Mais Muselier a tout de même été à deux doigts de réaliser ce qui était attendu par… Pierre Cot, Jean Moulin et quelques autres. Il écrit :
« Dejean acceptait de renoncer à cette partie de ses fonctions. Passy m’avait plusieurs fois déclaré qu’il accepterait les directives de Moret, dont il reconnaissait la grande expérience en ces sortes de questions. » (Idem, page 229.)

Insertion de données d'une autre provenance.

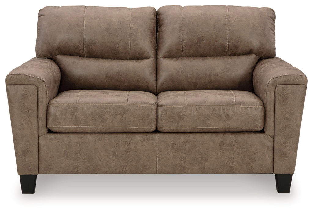 This decidedly modern seating package proves less is more, bringing simply inviting style to your living room. Take the guesswork out of decorating—the set’s warm faux leather has a universal appeal, pairing with casual and contemporary aesthetics alike. All you need to do is sit back, relax and enjoy the comforts of home.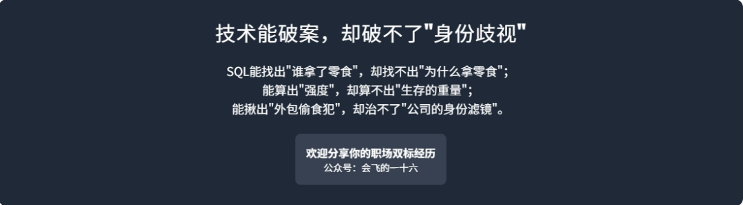 公众号:会飞的一十六用SQL写尽职场荒唐,用段子戳破“高端职场”的遮羞布~ 关注我,下次带你用SQL算“老板的咖啡偷喝率”!😜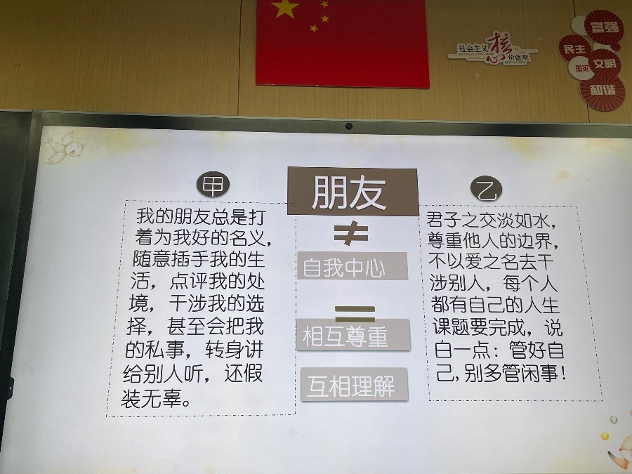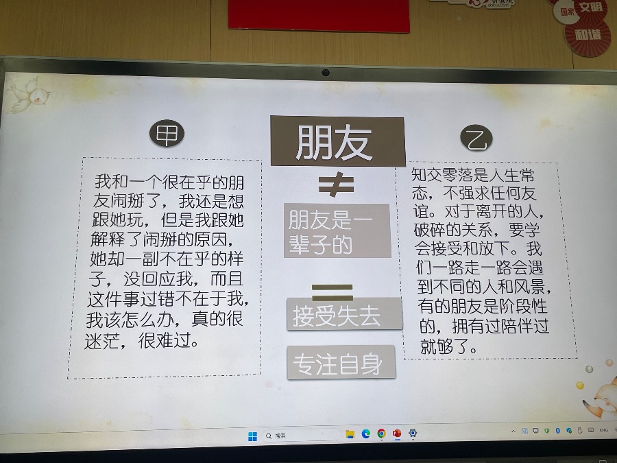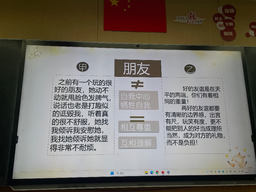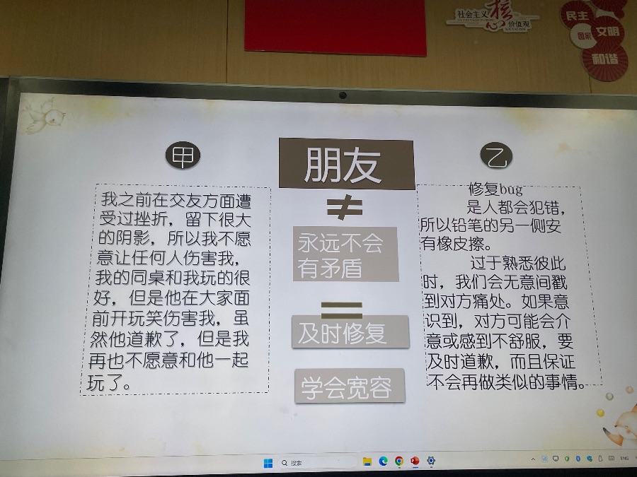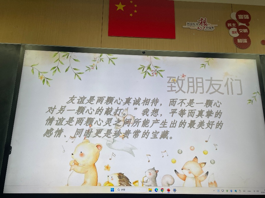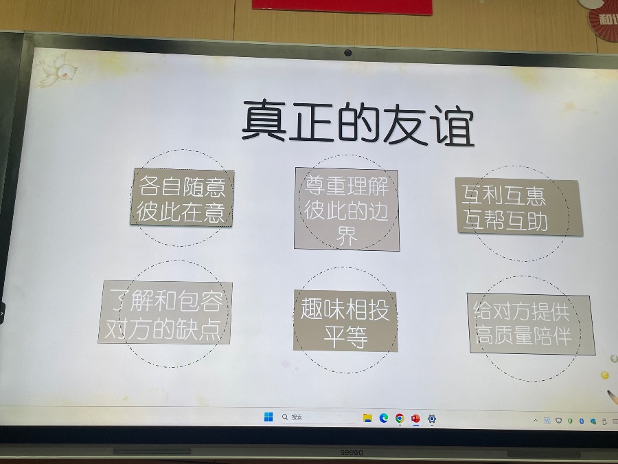 2024.3.26心理班会《我和我的小伙伴》,以友情为主题开展,进行了默契大挑战、我的朋友她不会、朋友间的bug和真正的友谊四个方面开展。朋友不是你的私有物品,不能自私占有,你的好朋友也可以拥有许多朋友,你也可以交不同类型的朋友,好的友情是自己要做到独立,不能过度依赖朋友,要给彼此空间。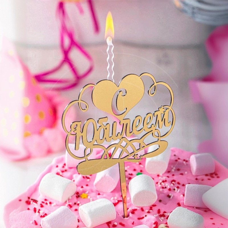 Свеча-топпер декоративная акриловая "С Юбилеем" Золото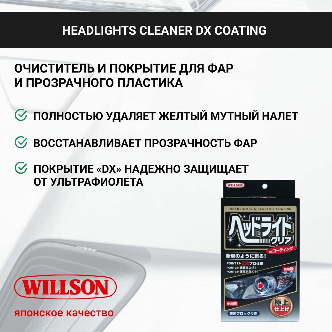 WILLSON HEADLIGHTS CLEANER DX COATING, 50+10мл. Очиститель-покрытие для фар интересное:

Reprenons, maintenant, la lettre de Charles de Gaulle à l’amiral Muselier :
« Vous justifiez vos prétentions en alléguant, d’une part des difficultés éventuelles avec nos alliés britanniques, d’autre part les tendances démocratiques de notre pays, comme si ces difficultés éventuelles ne pouvaient être résolues, ni ces tendances démocratiques satisfaites sans la prééminence de l’amiral Muselier et la présence du capitaine de vaisseau Moret et de M. Labarthe dans le Comité. » (Charles de Gaulle, Lettres, notes et carnets, 1941-1943, etc., page 71.)
Et voilà bien le dictateur :
« J’attendrai votre réponse jusqu’à demain 24 septembre à 16 heures. Passé ce délai, je prendrai les mesures nécessaires pour que vous soyez mis hors d’état de nuire et que votre conduite soit publiquement connue, c’est-à-dire stigmatisée. » (Idem, page 71.)
… hors d’état de nuire… Jean Moulin, m’entends-tu ?… demande un écho lointain…
Car, le même jour, Charles de Gaulle doit donner une conférence de presse à Londres. Il y sera question, justement, de la souveraineté dont il faut rappeler, dès maintenant, qu’elle était partie intrinsèque du Conseil de la Résistance réuni et présidé par Jean Moulin le 27 mai 1943, vingt-cinq jours avant son arrestation (21 juin 1943). Voici en quels termes De Gaulle présente l’objectif qui est le sien, en montrant bien que, pour lui, la question militaire n’est vraiment pas déterminante :
« À partir de maintenant, il ne faut pas seulement que la France Libre se contente de combattre l’ennemi commun par les armes dont elle dispose, il faut encore qu’elle s’organise de manière à représenter une nation qui n’a pas d’autre moyen que la France Libre pour faire valoir sa volonté, pour soutenir ses intérêts au-dehors, et enfin pour préparer demain le cadre dans lequel il sera possible d’exercer la souveraineté nationale. » (Idem, page 73.)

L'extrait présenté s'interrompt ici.